Another former employee fired by Tennant, Gordon Griffith, whom SI retained as a consultant in the early stages of preparing this report, was Tennant's chief assistant in administering the NFL program. On June 21, 1988, 19 days after praising him in a letter of recommendation to the director of the California Department of Corrections, Tennant dismissed Griffith; Griffith says that Tennant had asked him to keep tabs on the conduct and choice of companions of NFL and Dodger players and was unhappy when Griffith became uncomfortable with the ethics of this assignment. Griffith is the defendant in a criminal harassment action in Los Angeles County Municipal Court in which Tennant, who claims that Griffith threatened him on the phone in an effort to collect back pay, is the complainant. The case is scheduled to go to trial on Aug. 7. Griffith's attorney, Suzanne Tom, says Tennant telephoned her on April 17 and 18, offering to withdraw the complaint against Griffith—the trial originally had been scheduled for April 18—if Griffith would sign a statement saying that he agreed to disavow anything he may have told SI in connection with this report. Griffith refused.

Tennant is accused by former employees of, among other things,

1) Signing blank dosing sheets, which are similar to prescription forms, for issuing methadone to patients.

2) Instructing a bookkeeper to submit trumped-up bills to Medi-Cal, the state medical assistance plan, and to bill the state for medical tests for detoxification patients "whether that patient needs the test or not." (One former employee says Tennant called this "creative bookkeeping.")

3) Giving patients high dosages of methadone. ("This was conducive to keeping up revenues," says one source. "Some were so loaded, you wondered how they were going to be functional.")

4) Providing inadequate counseling sessions to methadone patients and misrepresenting the extent of such sessions in patients' records. (One former employee says, "Dr. Tennant said to make up things for the counseling notes.")

5) Meeting government staffing requirements by submitting a budget indicating that a CHP clinic had more trained counselors than it actually had, and by promoting a courier to lab technician even though the courier lacked proper training.

6) Telling employees that "there's no such thing as confidentiality in a drug program. They all know each other," and entertaining members of his clinic staffs with gossip about athletes he was treating for drug use. ("At lunch or in the office, he would tell the staff what players were doing what," says one former employee. "He named names.")

7) Giving law-enforcement officials information they sought about CHP patients, an apparent violation of federal regulations governing confidentiality. ("You always tell the police whatever they want to know," a former employee quotes Tennant as saying.)

In a 1986 arbitrator's hearing, NFL commissioner Pete Rozelle said the league hired Tennant because of "the research that my staff had done" and because he was "highly regarded in the field." Last week NFL officials said they had no knowledge of allegations of wrongdoing leveled at Tennant by anyone.

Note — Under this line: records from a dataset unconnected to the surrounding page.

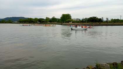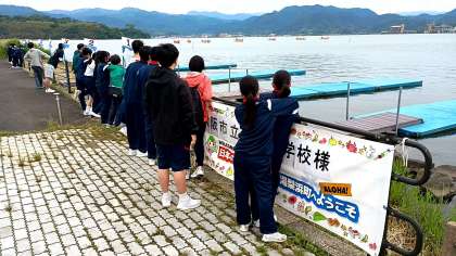 「頑張れー」と湖岸で応援する生徒の声がこだましています。なお、前半レース優勝は4班でした。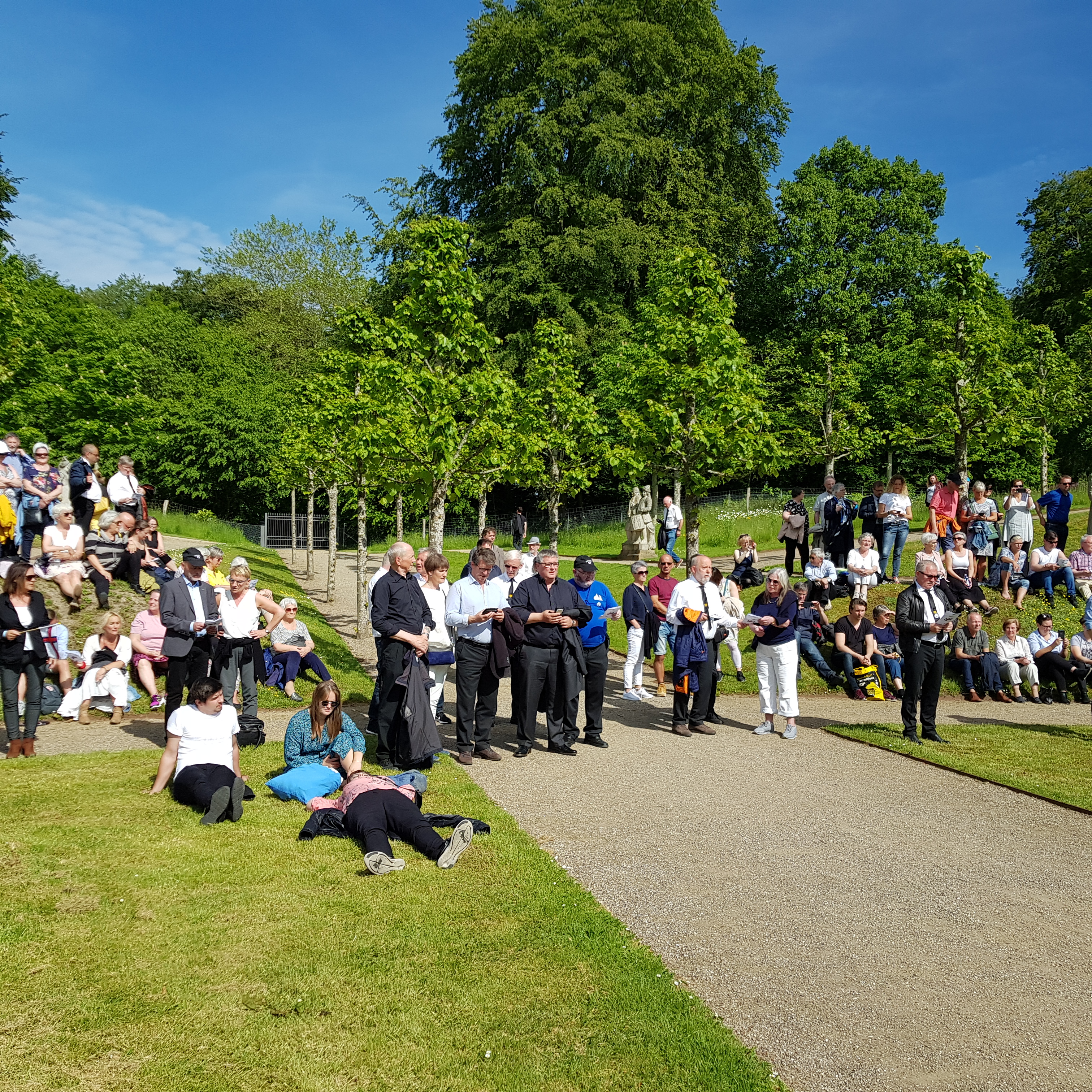 Eftir gudstænastu í Holmens Kirkju varð farið víðari við bussum til Norðmansdaglin í Fredensborg, har flaggi varð borið fram á hesum degin í 1919.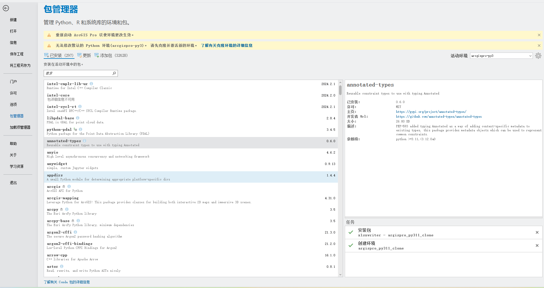 打开ArcGIS Pro的设置-->包管理器,可以看到软件自带的arcpy:

Told by SI of Tennant's difficulties with government agencies and of abuses cited by former employees, NFL publicity director Joe Browne said, "Charges are a dime a dozen." Executive vice-president Jay Moyer said that the league was satisfied with Tennant's performance and that the drug adviser "has done a lot of good things."

But a physician who once worked for Tennant disagrees. "I consider him unethical and hypocritical," he says. "I found that his medical practice was guided by what money could be brought in."